- _Provided data_:
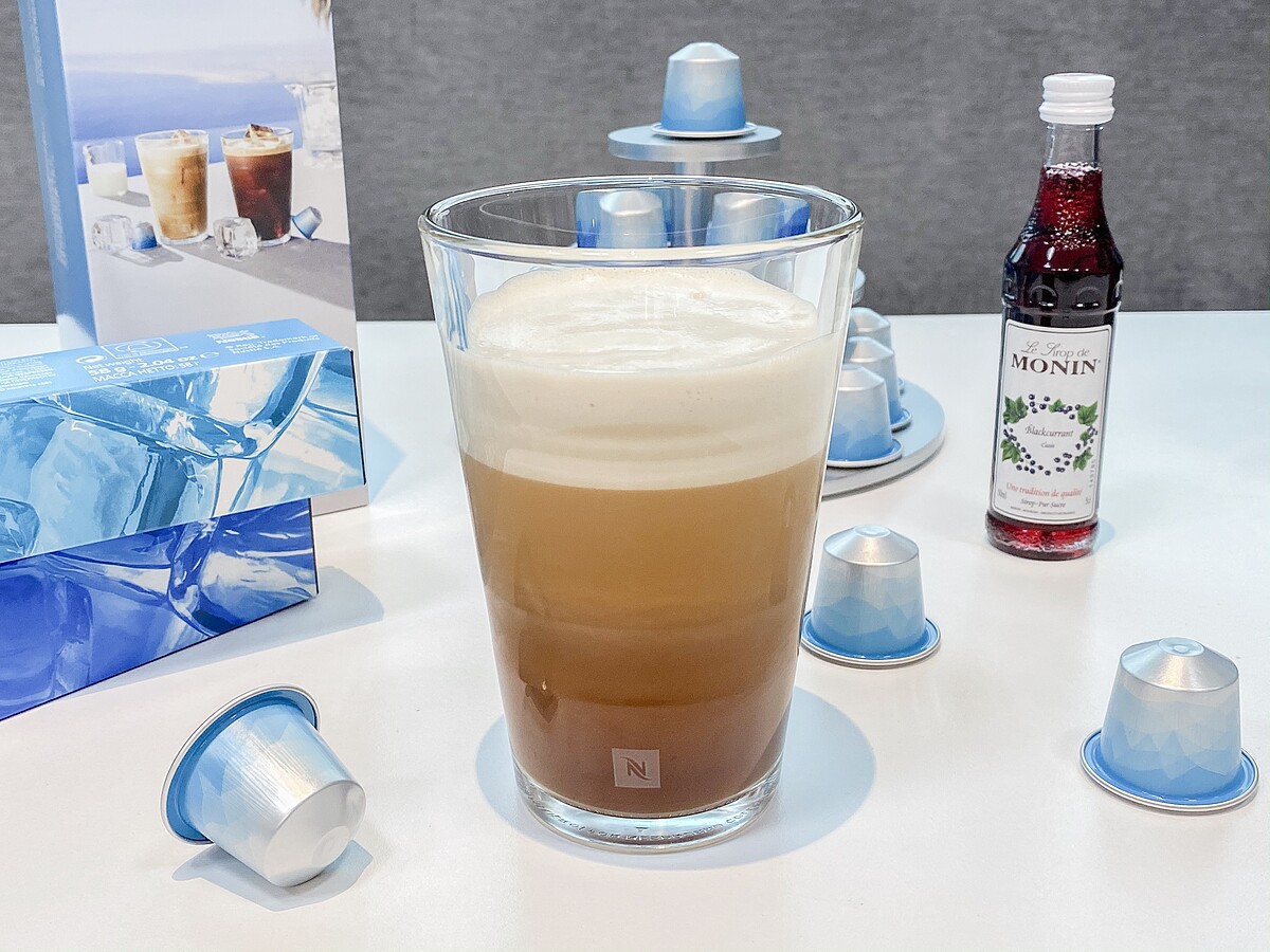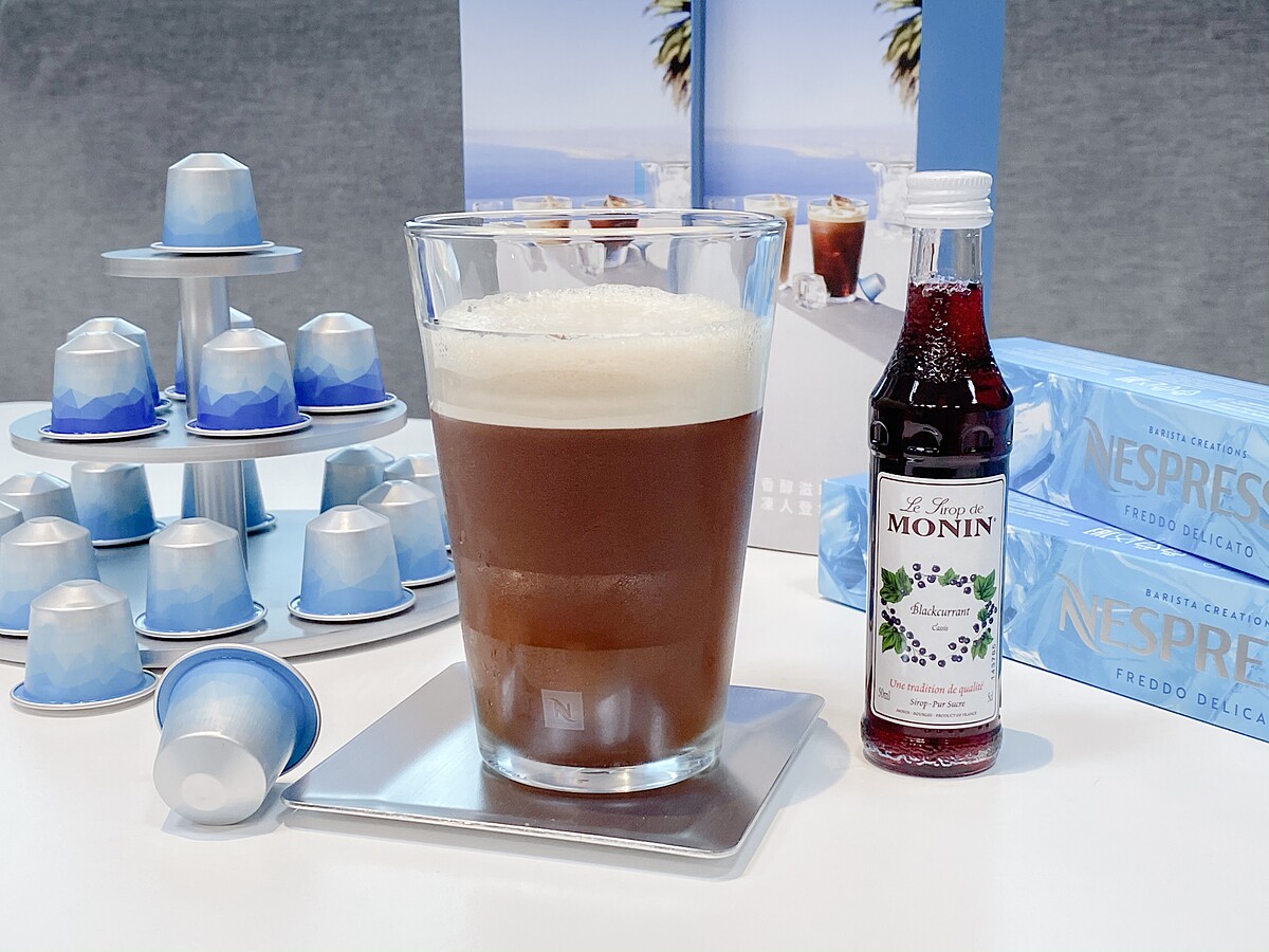 以清爽冰咖啡膠囊、黑醋栗風味糖漿及冰水打造出的沁涼咖啡特調!不用出門,在家也能做出宛如氮氣咖啡的綿密泡沫與沁涼感,這款也非常適合喜愛輕爽風味的人享用!
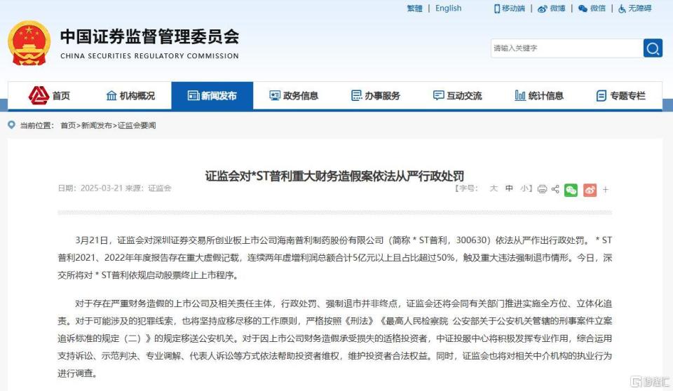 3月21日,證監會對深圳證券交易所創業板上市公司海南普利制藥股份有限公司(簡稱*ST普利,300630)依法從嚴作出行政處罰。
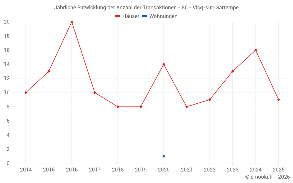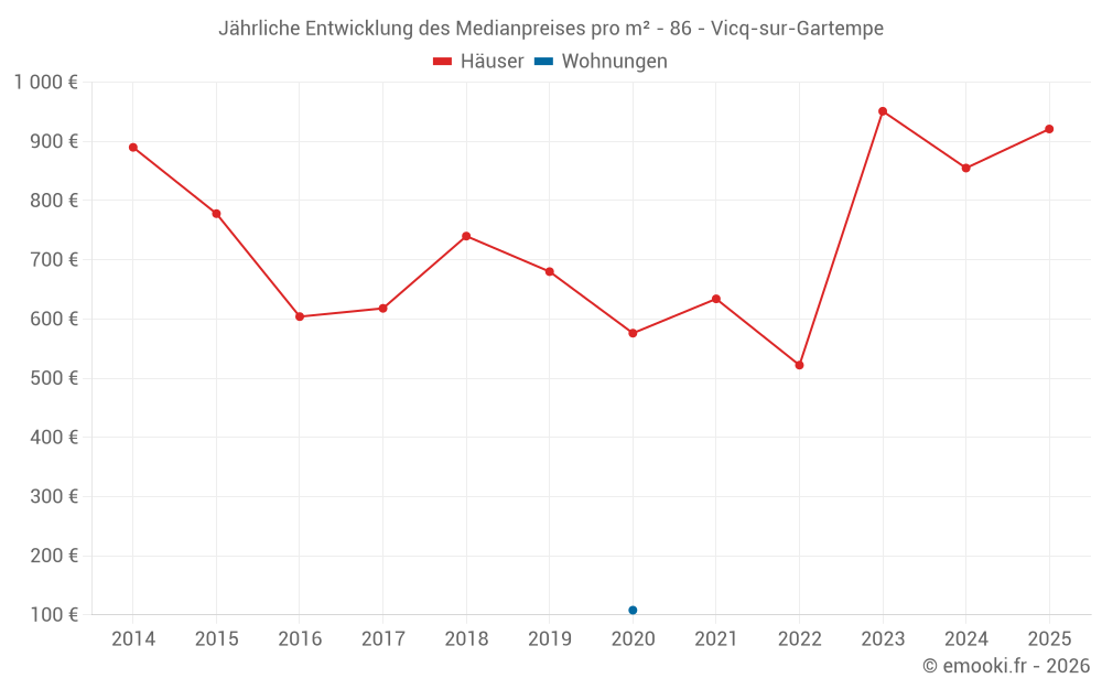 Der Durchschnittspreis auf den 21 Hausgeschäften der letzten 12 Monate in der Gemeinde Vicq-sur-Gartempe betrug 919 € pro Quadratmeter für einen mittleren Immobilienwert von 75 000 €. Über diesen Zeitraum hinweg lagen 60% der Transaktionen zwischen 686 und 1 250 € pro Quadratmeter (vom 2. bis zum 8. Dezil).

- _Directions_:
Please repeat the listing above word for word, with the pictures removed.

- _Result of the task_:
 以清爽冰咖啡膠囊、黑醋栗風味糖漿及冰水打造出的沁涼咖啡特調!不用出門,在家也能做出宛如氮氣咖啡的綿密泡沫與沁涼感,這款也非常適合喜愛輕爽風味的人享用!
 3月21日,證監會對深圳證券交易所創業板上市公司海南普利制藥股份有限公司(簡稱*ST普利,300630)依法從嚴作出行政處罰。
 Der Durchschnittspreis auf den 21 Hausgeschäften der letzten 12 Monate in der Gemeinde Vicq-sur-Gartempe betrug 919 € pro Quadratmeter für einen mittleren Immobilienwert von 75 000 €. Über diesen Zeitraum hinweg lagen 60% der Transaktionen zwischen 686 und 1 250 € pro Quadratmeter (vom 2. bis zum 8. Dezil).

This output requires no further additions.